Markets hope for softer inflation – Sterling Update

Markets hope for softer inflation – Sterling Update


After last week’s sudden drop in the pound, with GBP/USD slipping from a top approaching 1.2500, to briefly testing support below 1.2000 earlier this week, the pound has stabilised over the latter part of the week, rising to 1.2200 at one point on Thursday. The broader pound has fared well, with GBP/EUR even managing to move above 1.1300 just yesterday. There has been a mixed bag of results amongst key UK housing price data, with the latest Halifax house price index implying a stabilisation of prices over the past month, which may be a reflection of softening yields at the long end of late, which has helped to reduce mortgage rates, albeit only marginally for now. However, ask surveyors and their latest measure of UK house prices tells a slightly different story, with the index actually deteriorating throughout January.

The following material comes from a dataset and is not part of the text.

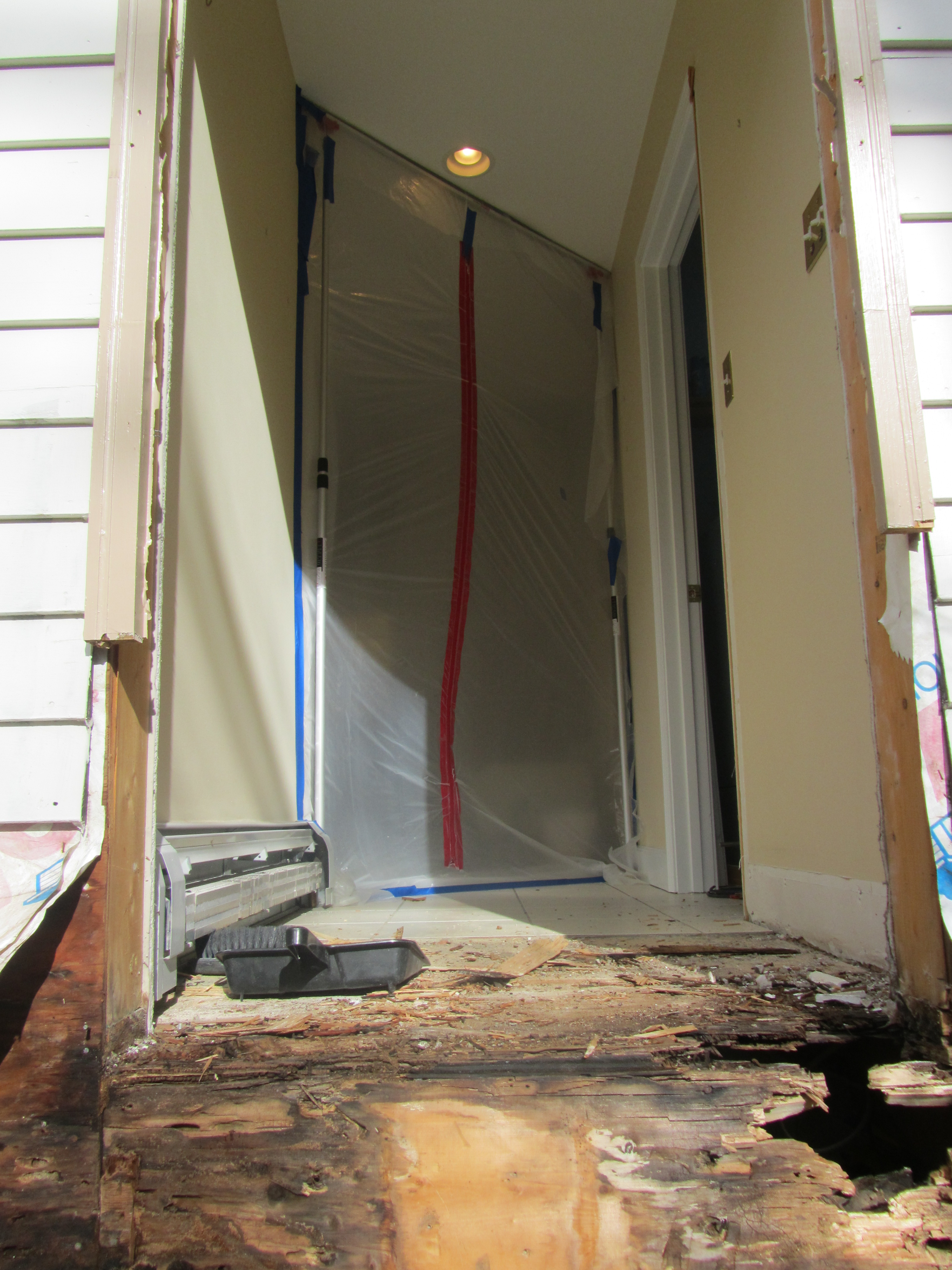 The area we were working in also had the only first floor bathroom and the laundry room and we wanted to be able to allow the homeowner access after hours. Areas adjacent to this work had priceless butterfly and insect specimens displayed all over the house and we were nervous of dust getting out of our plastic barrier.

The latest UK growth figures have just been released this morning, and GDP declined by 0.5% over the past month, which was worse than the 0.3% drop estimated. However, it was not all bad news, as both Industrial and Manufacturing Production beat estimates, with the former increasing by 0.3% (-0.2% exp) and the latter flatlining (-0.2% exp). Total Business Investment also increased by nearly 5% over the past quarter (at4.8%), way ahead of the -1.9% expected.

Next week is a bumper one for UK data, with both consumer and producer price inflation set for release, coupled with the latest employment report and Retail Sales data, which collectively should give the BoE a much broader outlook on the shape of the UK economy, as they digest the impact (damage) of their cumulative rate hikes. As we have said before, the outlook on rates from the BoE looks uncertain, given a similar uncertain outlook for the UK economy. By way of example, the IMF think that the UK economy is likely to be the worst performing major economy amongst the major economies of the world this year, however, the National Institute for of Economic & Social Research (a think tank) will tell you that the UK economy is set to avoid slipping into a recession altogether. We always say that If you put twenty-four economists in a room, you will get at least thirty different opinions.

Back to the pound, and whilst sterling has bounced back with much aplomb throughout this week, the key inflation data is likely to set the tone for the pound’s fortunes through next week, as markets attempt to second-guess the BoE’s next move. On that note, the latest estimates call for a dip in headline inflation, with the chances of core inflation rising, given the lag effect on prices.


A week can be a long time in markets. This time last week, EUR/USD was sunning itself above 1.1000, the ECB were going to be hawkish for longer on rates, boosted by a recovery in economic activity in the region, and all talk was everything Euro-dominated being an outperformer. The single currency has certainly lost its shine since then, with EUR/USD slipping back below 1.0700 earlier in the week, and whilst much of that move has been down to a stronger USD, the more cautious tone from the ECB, coupled with some softening amongst key Euro area data releases, have played their part in the reversal too.

Amongst the data, regional Retail Sales slipped through December by 2.7%, and whilst a decline had been expected, the figure was worse than had been estimated. Whilst the ongoing impact of high inflation has clearly impacted consumer demand, there is a light at the end of the tunnel, and this week’s German inflation reading reflected a further decline from 9.6 to 9.2% (YoY) for the key harmonised index of CPI. Whilst softer inflation may be good for a country, is does not initially feed through to a stronger currency, given that it reduces the probability of imminent rate hikes.

Looking ahead, next week will see the release of the latest regional growth and unemployment as well as Spanish inflation (January).  As for the single currency, well much still depends on the ECB. They have already stated on many occasions (including this week) that they intend to hike rates by 0.5% at their next meeting, however, beyond that they will be assessing the cumulative impact to the economy, before deciding on their next move. Were the ECB to signal a pause, then further gains might be a bit harder to come by for the single currency.